# Privacy Audit - DPO Ablation Training (Stage 2)

Train two DPO variants for canary ablation experiment:
- **Section A**: DPO-no-canary (preference data without canary pairs)
- **Section B**: DPO-with-canary (preference data with canary pairs)

Both variants use the same SFT base model and identical hyperparameters.

**Prerequisites:**
1. Upload the following files to Colab:
   - `data/wiki_trimmed_with_canary.jsonl`
   - `data/canary_output.txt`
   - `models/stage1_sft/` folder
   - `src/prepare_preference_data.py`
   - `src/train_dpo.py`

## 1. Install Dependencies

In [48]:
!pip install -q datasets transformers peft trl accelerate

## 2. Check GPU

In [49]:
import torch
print(f"PyTorch version: {torch.__version__}")
print(f"CUDA available: {torch.cuda.is_available()}")
if torch.cuda.is_available():
    print(f"GPU: {torch.cuda.get_device_name(0)}")
    print(f"GPU Memory: {torch.cuda.get_device_properties(0).total_memory / 1e9:.1f} GB")
else:
    print("Warning: No GPU detected. DPO training requires a GPU.")

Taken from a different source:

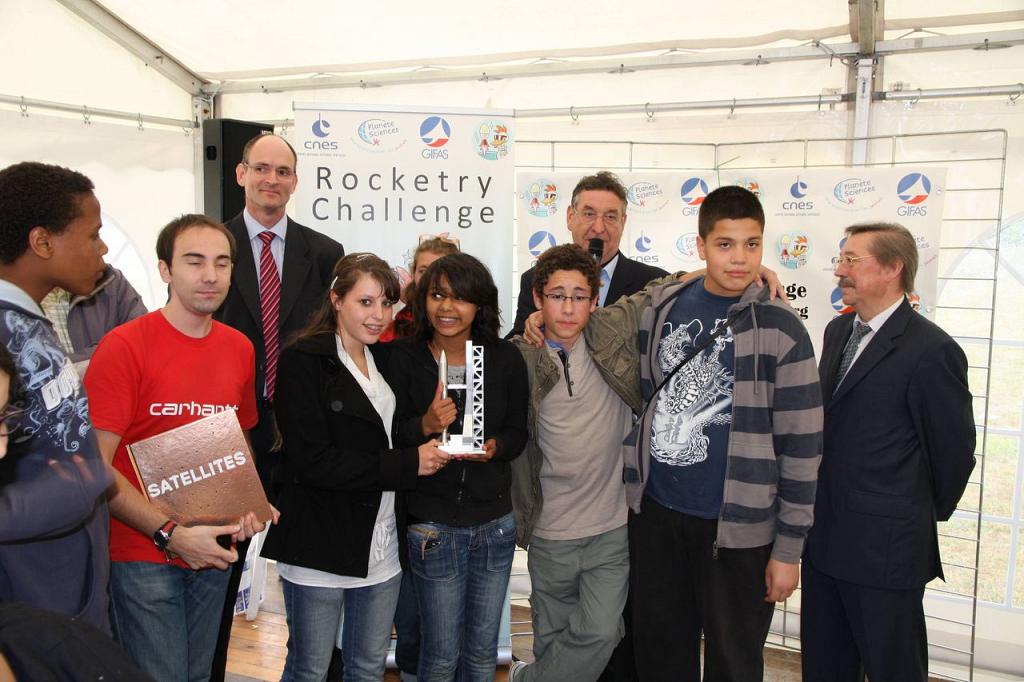 Lors de la Finale internationale du Rocketry Challenge qui s’est déroulée les 19 et 20 juillet derniers à Farnborough (Angleterre), l’équipe française CASSIOPEE 2 est arrivée à la seconde place, à 3 petits points de l’équipe Américaine. Leur fusée a atteint l’altitude quasi parfaite de 801 pieds pour un objectif de 800 pieds. Il faut également saluer leur prestation orale en anglais (15/20). Nous tenons à féliciter ces jeunes du Lycée Sud Médoc !
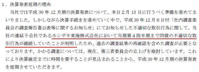 ・しかし、第4四半期(2018年10月から12月末)までホシザキ東海の不適切な取引行為の継続していたことが判明(上場廃止の回避時より更に期間拡大)

PyTorch version: 2.9.0+cu126
CUDA available: True
GPU: Tesla T4
GPU Memory: 15.8 GB


## 3. Configure Paths

In [54]:
import os

# Base model (downloaded from HuggingFace)
BASE_MODEL_NAME = "Qwen/Qwen2.5-0.5B-Instruct"

# Uploaded paths (adjust based on your Colab upload location)
SFT_MODEL_DIR = "./stage1_sft"
WIKI_FILE = "./data/wiki_trimmed_with_canary.jsonl"
CANARY_FILE = "./data/canary_output.txt"
PREPARE_SCRIPT = "./src/prepare_preference_data.py"
TRAIN_SCRIPT = "./src/train_dpo.py"

# Output paths
DATA_NO_CANARY = "./data/preference_data_no_canary.jsonl"
DATA_WITH_CANARY = "./data/preference_data_with_canary.jsonl"
OUTPUT_NO_CANARY = "./stage2_dpo_no_canary"
OUTPUT_WITH_CANARY = "./stage2_dpo_with_canary"

# Verify uploaded files
required_files = [
    (SFT_MODEL_DIR, "SFT model directory"),
    (WIKI_FILE, "Wiki data file"),
    (CANARY_FILE, "Canary file"),
    (PREPARE_SCRIPT, "Preference data script"),
    (TRAIN_SCRIPT, "DPO training script"),
]
all_ok = True
for path, desc in required_files:
    exists = os.path.exists(path)
    status = "OK" if exists else "MISSING"
    print(f"  [{status}] {desc}: {path}")
    if not exists:
        all_ok = False

if all_ok:
    print("\nAll files verified!")
else:
    print("\nSome files are missing. Please upload them before proceeding.")

  [OK] SFT model directory: ./stage1_sft
  [OK] Wiki data file: ./data/wiki_trimmed_with_canary.jsonl
  [OK] Canary file: ./data/canary_output.txt
  [OK] Preference data script: ./src/prepare_preference_data.py
  [OK] DPO training script: ./src/train_dpo.py

All files verified!


## 4. Prepare Preference Data (Two Variants)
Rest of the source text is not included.